Garden Ridge ups gross margin, works through bankruptcy
December 14, 2004,
HOUSTON — Garden Ridge Corporation reported a profit (before bankruptcy costs) for the month of November due in large part, it said, to a 2 point increase in product gross margin, despite a 2.8 percent decline in comp sales.
"November sales were flat as we focused on better management of our inventories and margins. In contrast, we have a really strong start to December sales with comps over 7 percent and margins up positively over last year," said Steve Higgins, president of Garden Ridge. "We are excited by the strong customer response to our seasonal and home decor merchandise.
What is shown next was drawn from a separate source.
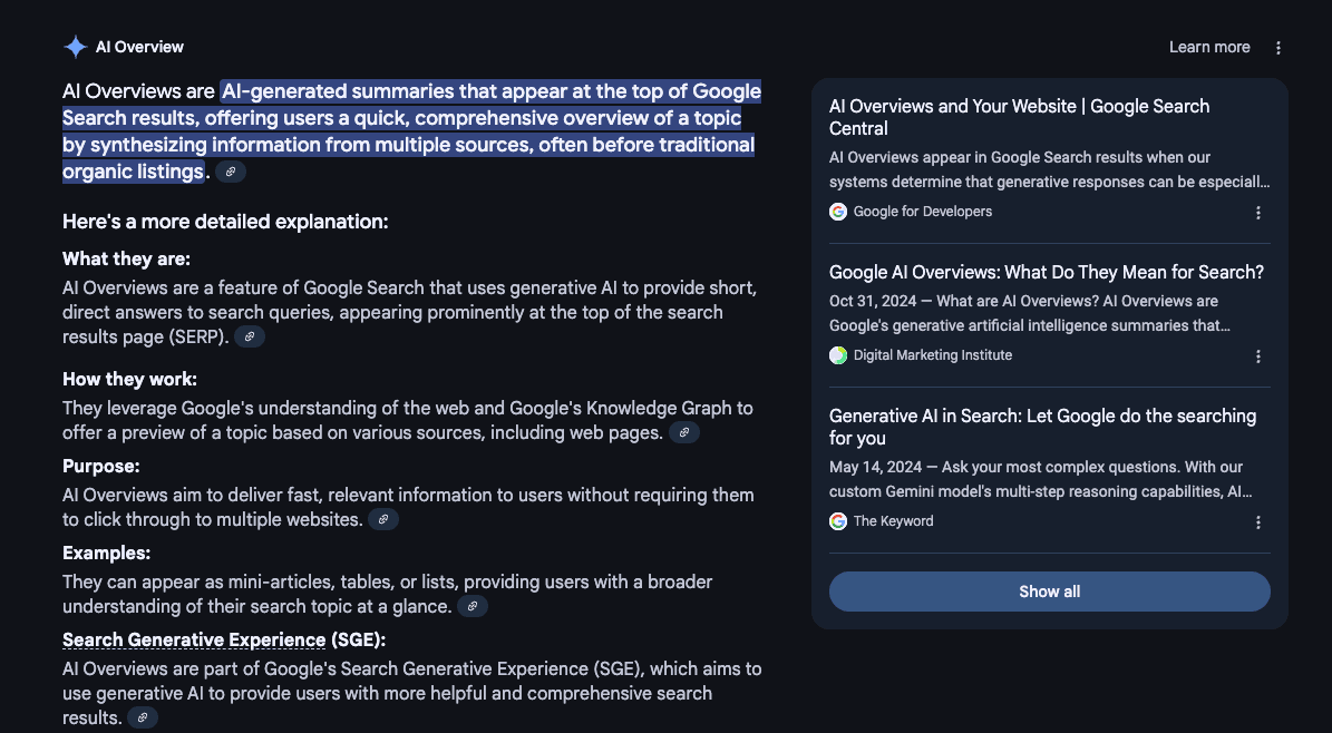 Namely, AI Overviews pull information from multiple sources and then generate an original response.

Our average ticket in December is up by nearly 9 percent and we are well positioned to continue this sales trend to the end of the year."
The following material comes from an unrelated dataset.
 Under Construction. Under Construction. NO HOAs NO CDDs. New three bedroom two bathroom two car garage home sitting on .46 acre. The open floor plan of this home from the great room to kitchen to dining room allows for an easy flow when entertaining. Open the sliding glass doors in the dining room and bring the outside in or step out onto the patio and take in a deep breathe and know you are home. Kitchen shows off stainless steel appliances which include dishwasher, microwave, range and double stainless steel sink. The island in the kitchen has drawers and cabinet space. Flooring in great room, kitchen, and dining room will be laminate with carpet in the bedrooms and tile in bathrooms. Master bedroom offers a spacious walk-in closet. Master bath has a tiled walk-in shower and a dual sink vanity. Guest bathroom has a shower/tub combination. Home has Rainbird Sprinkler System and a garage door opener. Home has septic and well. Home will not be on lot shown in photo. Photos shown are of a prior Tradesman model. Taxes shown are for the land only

During a bankruptcy court hearing in late November, Garden Ridge also secured an extension to Jan. 17 of its right to file a plan of reorganization. "This extension gives Garden Ridge a better opportunity to complete its plan of reorganization with the creditors," said Don Martin, chief restructuring officer for the company.
Bank of America has also submitted terms for an extension of debtor-in-possession as well as exit financing to Garden Ridge. The company said it is in the process of evaluating this proposal as well as seeking alternative sources.Any such financing would be subject to bankruptcy court approval.
Garden Ridge filed for Chapter 11 protection in February 2004 citing the need to re-negotiate store leases and other contracts with above-market rates as one of its principal reorganization objectives.